The Reviewing editor and the reviewers discussed their comments before we reached this decision, and the Reviewing editor has assembled the following comments to help you prepare a revised submission.

Ranjan et al. searched and identified elements of the canonical nucleosome that activate the chromatin remodeling SWR1 complex for histone H2A.Z replacement. They constructed hybrids in which H2A segments were systematically interchanged with segments of histone H2A.Z. Hybrid nucleosome substrates were then reconstituted and analyzed by a SWR1-mediated histone H2A.Z replacement assay.
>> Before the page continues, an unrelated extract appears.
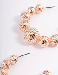 Rose Gold Filigree Graduated Ball Hoop Earrings
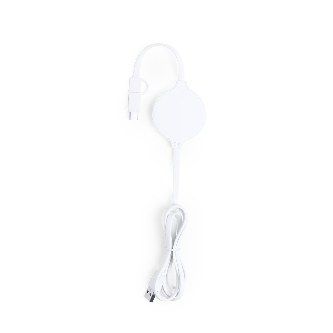 Cargador inalámbrico de diseño ultra compacto en diseño monocolor blanco. Conexión dual micro USB y Lightning, con adaptador Tipo C y luz indicadora de carga. Compatible con dispositivos equipados con tecnología de carga inalámbrica.

The authors were able to show that the nucleosomal H2A α-2 helix, but not the α-C helix, plays a major role in the activation of the SWR1 complex. They also identified a local DNA site on the nucleosome core particle (around SHL2) that is critical for activating SWR1. Overall, the work is well designed, well executed, and well presented. The manuscript is clearly and concisely written. Notably, the extensive work involving DNA gaps near SHL2 shows that the reaction progresses from AA to AZ when a gap is located on one side, but is prevented (remains AA) when gaps reside on both sides (in the 17-22 region). These experiments are convincing and really inform the mechanism. Also, the apparent lack of nucleosome sliding provides an interesting contrast to other remodelers.

Specific comments:

A specific and substantive concern raised by both peer reviewers concerns the lack of in vivo data. While the biochemistry is very clean and convincing some concerns are present in the current manuscript. The most important issue is the lack of in vivo data validating the importance of the M4 box for H2A eviction and H2A.Z exchange. The authors should better define the M4 epitope and introduce the H2A M4 mutant in yeast and assess how this mutant affects H2A.Z incorporation even at a small defined set of loci. This will certainly give a broader significance to their findings.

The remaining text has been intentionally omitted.